Sunday, January 31, 2016

Too Bad..





Socially awkward. Always saying and doing the wrong things unintentionally.

Mine is not that bad a case. But nice song by JJ once again. :)

Wednesday, January 20, 2016

I don't get how some people can be so negative about everything. Makes me wonder if I'm too ignorant, and am unable to think deeper. Cos the matter is perfectly fine to me.

Well, I guess ignorance is bliss sometimes too. I hope I can remain true to myself.

Thursday, January 14, 2016

Perhaps I think too greatly of myself. There are many things which will be passed on to me from next month. A lot of other things I have to responsibility for, a lot of things I will have to cover for. And yet, I expressed my interest to visit the stores once in a while.

When things seems bland, and when morale is low, I think I need to do something about it. For the staff at the outlets, and for myself. I am losing sight at the moment, and I need to find some motivation. To get back the feeling I once had, and to refresh myself.
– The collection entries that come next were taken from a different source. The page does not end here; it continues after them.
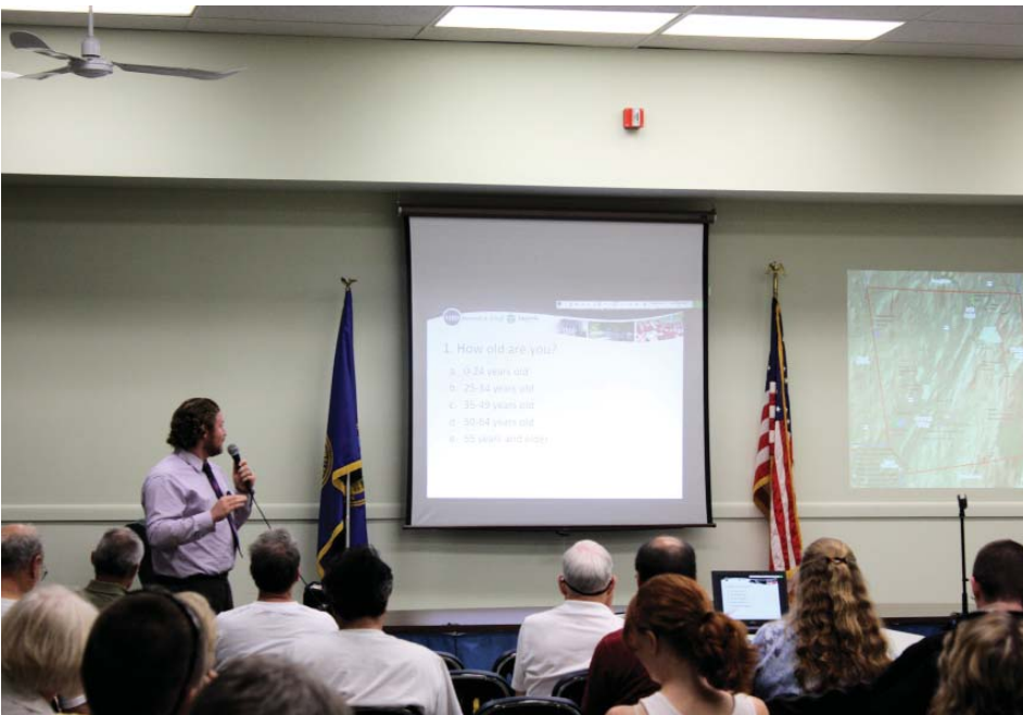
Figure 1-5 Interactive polling exercise at June 7, 2011 Community Meeting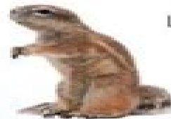
Arctic Ground Squirrel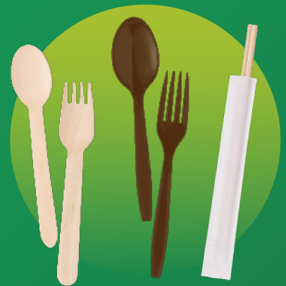
Forks, Knives, Spoons & Chopsticks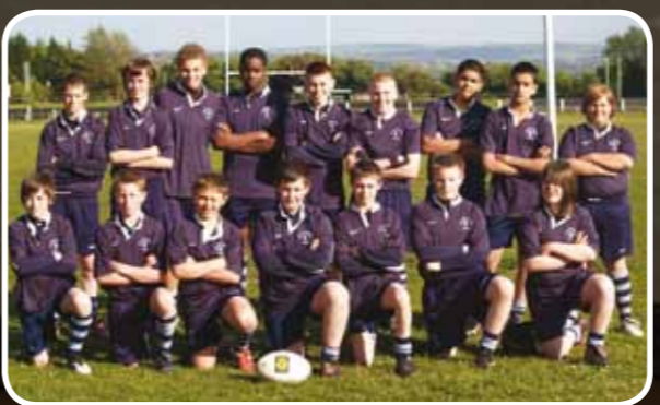
Unstoppable: The U13 rugby league team.

I want to know more about how the staff feel, and if there is anything I can do. And I want to remind myself who I am working so hard for. Back to basics. I just wish to boost some morale and let the new staff know that you can have fun while working seriously. And let old staff find out the fun in the daily repetitive work.

And of course, me, to go out of the office once in a while. Hopefully I get to know more staff, especially the part timers. And I need to really get some re-freshness.

Next month is the start of uncertainty. It is gonna be tough, but grind your teeth.. cos that is how you grow.

Sunday, January 10, 2016

Haha and Karen-san keeps saying I should find a guy who is in his 30s. More stable.

Met Drum TAO's lady boss yesterday. Just wow.

Tuesday, January 05, 2016

For 2016, I would like to be less critical. I wish to be able to be the me years ago, where I can overlook the flaws of other people. Cos everybody has their weaknesses. Overlook as in notice, but let go.

Cos I realised some around me are too quick to judge, and even assuming others' actions, and the reasons behind it. They choose to believe what they assume. Which is not nice, as many times, that is not the case.

This year, I wish to just listen. I hope not to be influenced. I will try to see the good in others more.

Although it might be silly to do so, but won't it be a better place to live in? Where people are like this? To be peacemakers and mediators?

Peace yo.

Saturday, January 02, 2016


Cute little kiddo is cute.

Company Year-end Dinner that day. Kids grow up so quickly. He loves running around and is not shy around strangers. I carried him a few times and he shared his crackers with me. He ate half and gave me the other half, while I carry him. So sweet.

Too cute. He will grow up into a charming young man. His eyelashes are so long, hui dian si ren. LOL.